Norfolk’s Police and Crime Commissioner has launched his annual budget consultation setting out the challenges facing policing in the county and seeking residents’ views on how best to meet them.
During his fourth year of delivering his ambitious Police and Crime Plan for Norfolk PCC Lorne Green is now asking the public if they would be prepared to pay extra in a bid to build a safer and more resilient Norfolk – or prefer no rise at all.
The PCC is required by law to set the budget for Norfolk Constabulary and as part of this, decide how much the Norfolk public contributes to the policing element of Council Tax they pay.
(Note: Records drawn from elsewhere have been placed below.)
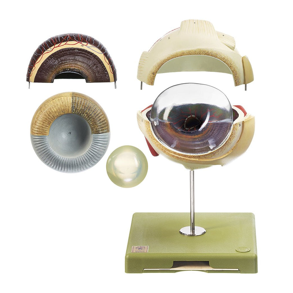Enlarged 5 times linearly, cut horizontally, corium, vitreous humour and lens removable. Model separates into 5 parts. Mounted on stand and base.Dimensions and Weight: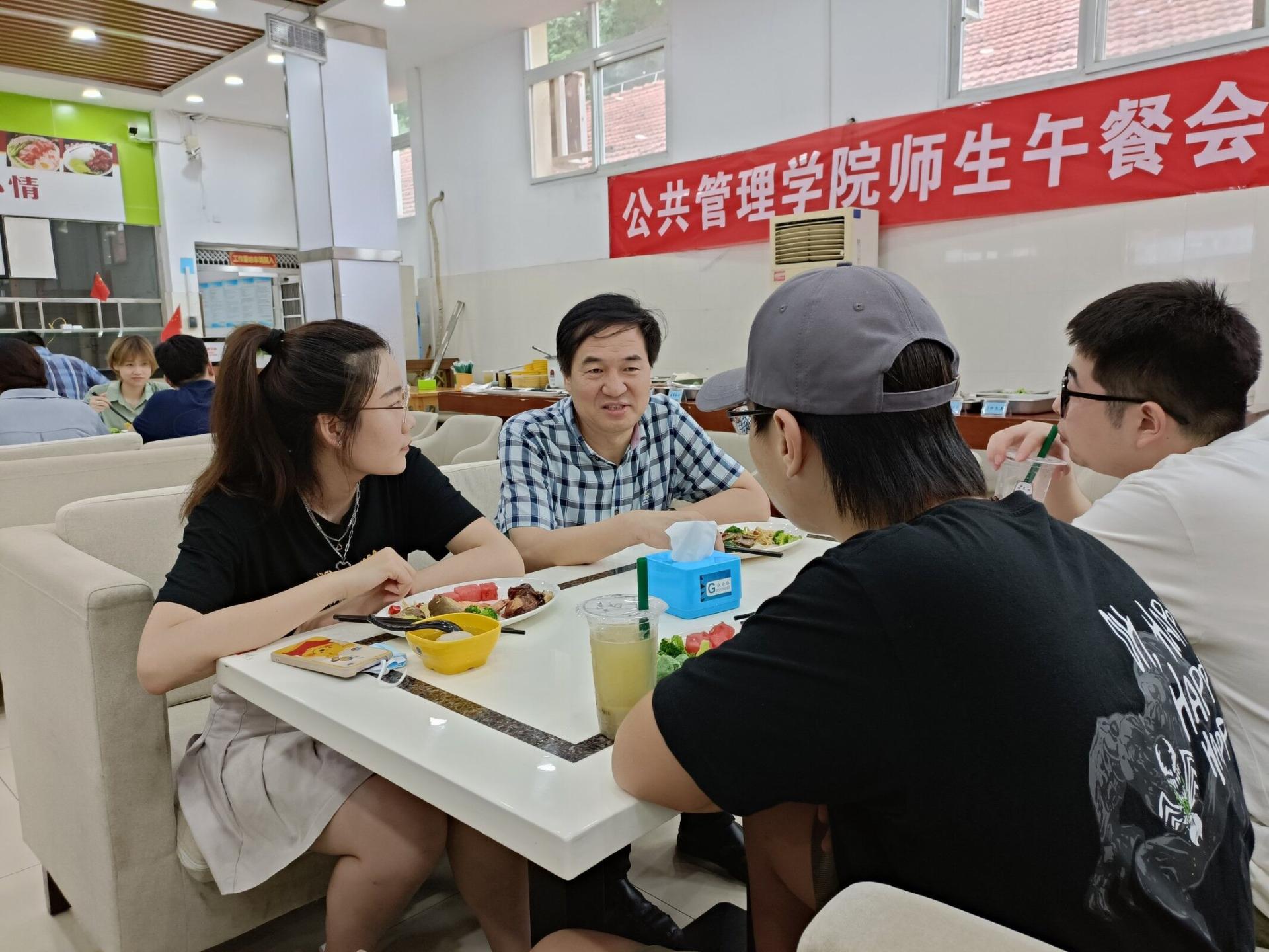 师生午餐会。学院党委书记张宽裕,院长胡守庚,副院长龚健、王忠、朱江洪,党委副书记龚丽,土地资源管理系方世明、周学武,法学系胡中华,学院综合办公室彭珂、李继杰等老师,学工组全体辅导员及各系本、硕、博学生代表参加本次午餐会。午餐会饭菜由北区饮食服务中心提供。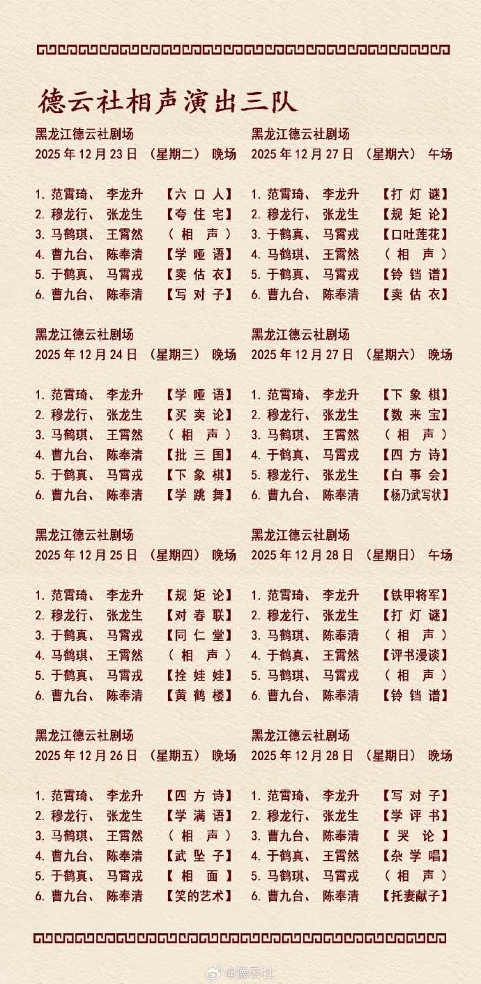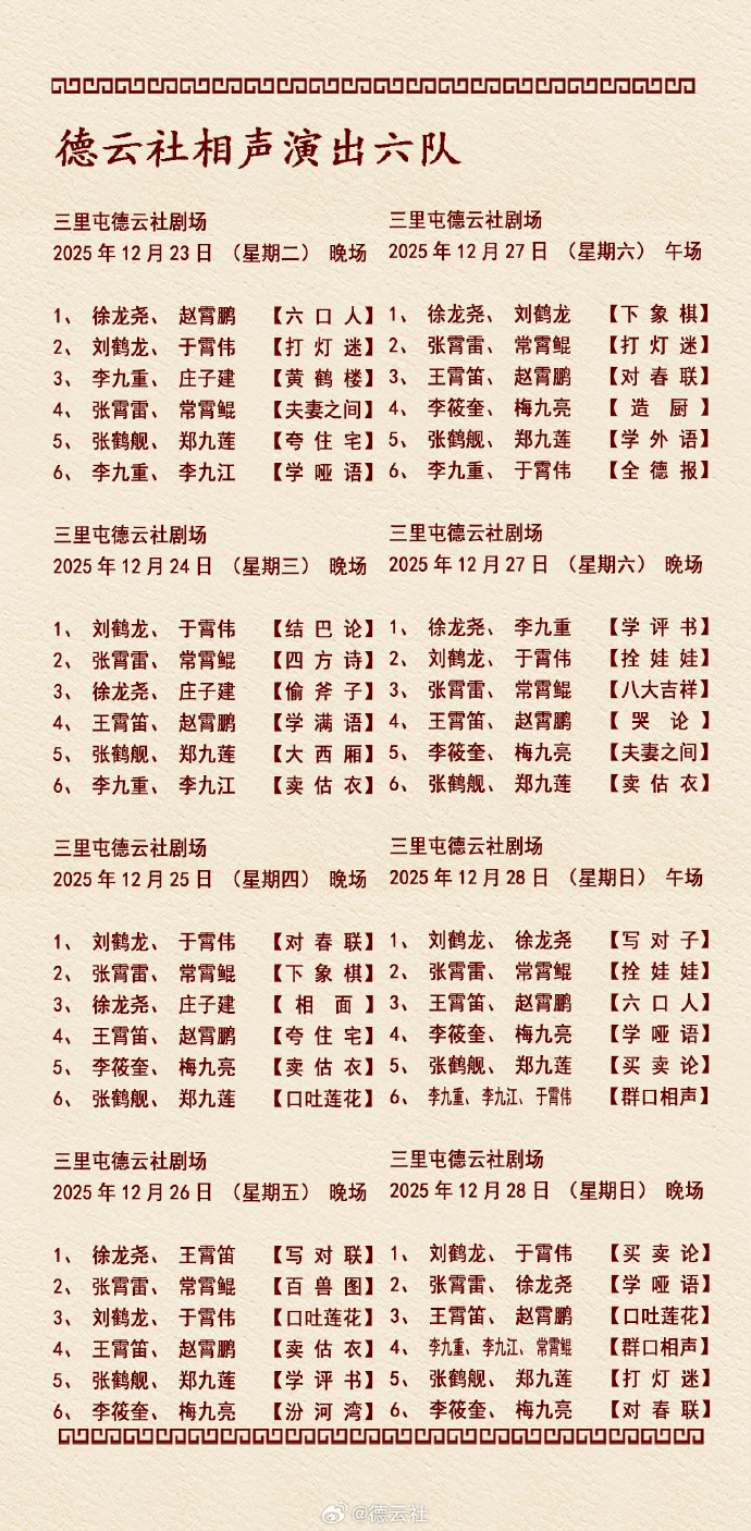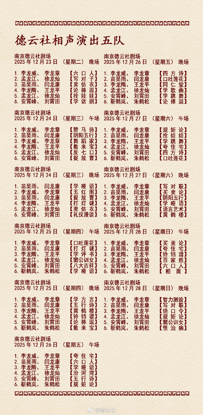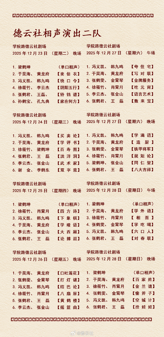 德云社相声演出节目单(2025年12月22日-12月28日 )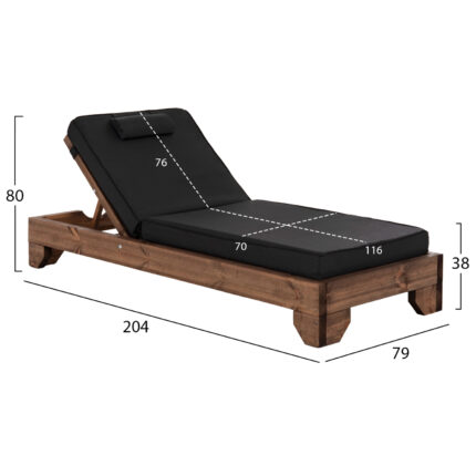 ΞΑΠΛΩΣΤΡΑ ΜΕ ΜΑΞΙΛΑΡΙ FB910790.05T ΞΥΛΟ ΠΕΥΚΟΥ--TEXTILENE ΣΕ ΜΑΥΡΟ 79x204x77Υεκ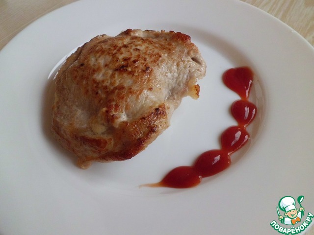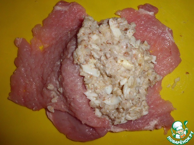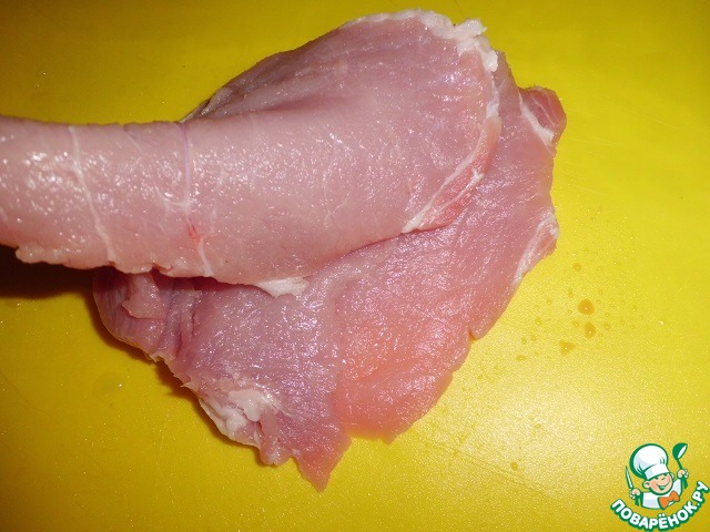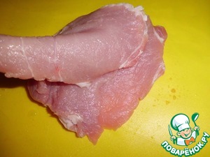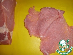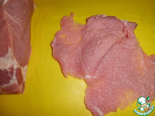 Разворачиваем "кармашки" и отбиваем. Особо усердствовать не стоит, мясо должно остаться без просветов.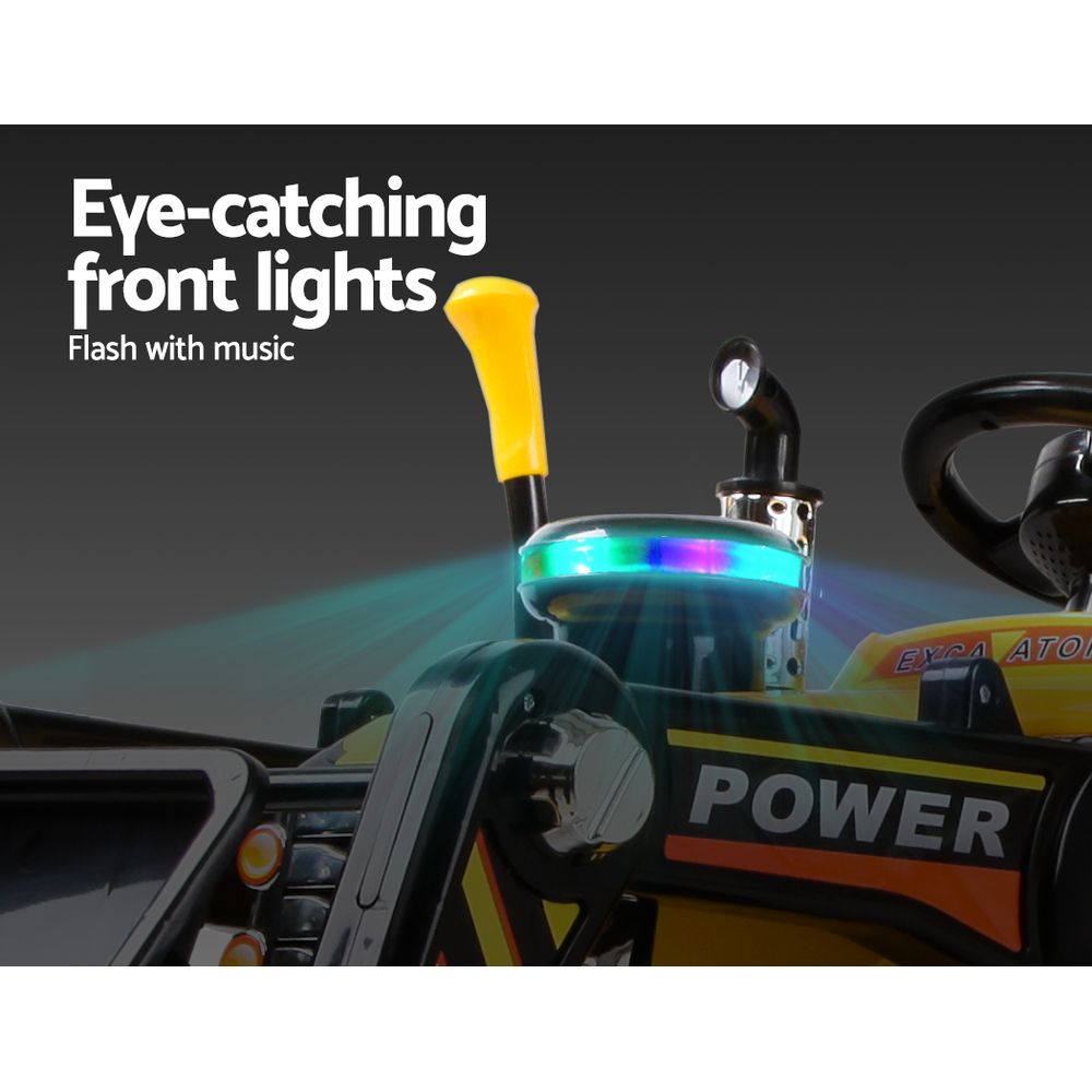 This ride-on bulldozer provides a realistic driving experience for children, allowing them to control movement with a steering wheel and acceleration pedal. It features entertaining functions and safety features such as anti-slip tyres, making it suitable for young kids to explore and have fun.
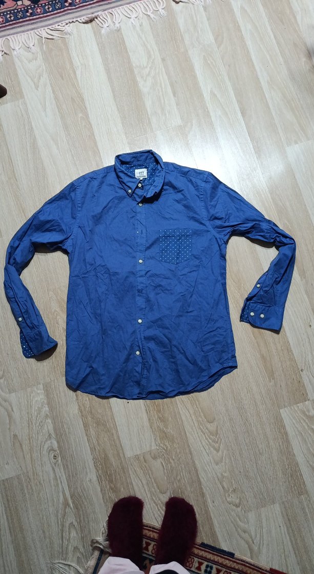 Düğmeli, uzun kollu, yakalı erkek kot gömlek. Koyu mavi renkte, normal boyda ve rahat kesim. Sokak tarzı ve günlük kullanıma uygun. Sorunsuz. ön uzunluk: 77cm göğüs: 55cm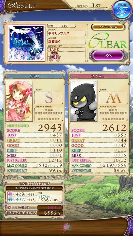 #reflecbeat jubeatの例の2曲はRbにも収録されています。 少年リップルズはまさかのKEEPミスorzorz NEW RECORDなのに勿体無い。。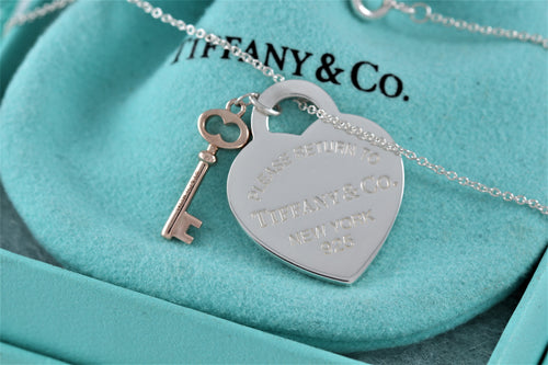 Return To Tiffany & Co. Heart & Mini Key Pendant Chain 16" Necklace

To inform this decision, each year Lorne has consulted with people across the county on whether or not this should increase.
This year’s consultation will run from today Monday 16 December until Friday 17 January 2020 and will see Lorne touring the county to seek the views of Norfolk residents.
“It is imperative to me I hear the views of as many Norfolk residents as I can to ensure I make a fully informed decision,” said Lorne.
“Every year, a large majority of the Norfolk public have supported an increase in the police precept to ensure the Norfolk Constabulary can continue to provide a high-quality service.
“Based on the needs set out by the Chief Constable for Norfolk and with the support of residents, I have previously continued to raise the police precept to invest in a number of areas identified as priorities by the Norfolk public.”
During his tenure, the PCC has previously invested in areas, including:
- Increasing the number and visibility of uniformed officers – Norfolk now has 138 more officers as a result.
- The roll-out of 21st century technology including drones, body-worn cameras and expansion of Automatic Number Plate Recognition (ANPR) technology.
- Policing and crime prevention in rural areas including introduction of Rural Crime Officers, increased Constabulary engagement with rural communities and the launch of the ‘Raise the Alarm’ campaign to reduce church lead thefts.
- Tackling abuse through an increase in detectives and the creation of two new ‘Investigation Hubs’ in the county.
- Increasing support for all victims, including services for victims of domestic abuse and sexual assaults.
“Looking ahead to the next five years, the risks in our communities and the pressures on Norfolk Constabulary will continue to be very challenging for the police and my office,” added Lorne.
“The increase in some of the most abhorrent and harmful crimes, including domestic abuse, sex offences, child sexual abuse and child sexual exploitation, has also left officers undertaking complex investigations on a frequent basis.
“This fundamentally changes how the police need to do their business and long-term steps to make our communities and future generations more resilient are necessary.
“Raising taxation is a decision no-one wants to take, particularly at a time when, for so many, incomes are stretched.
“However, we are faced with some stark choices and I need to fully understand how supportive you are of the different options available to keep Norfolk safe and build long-term resilience.”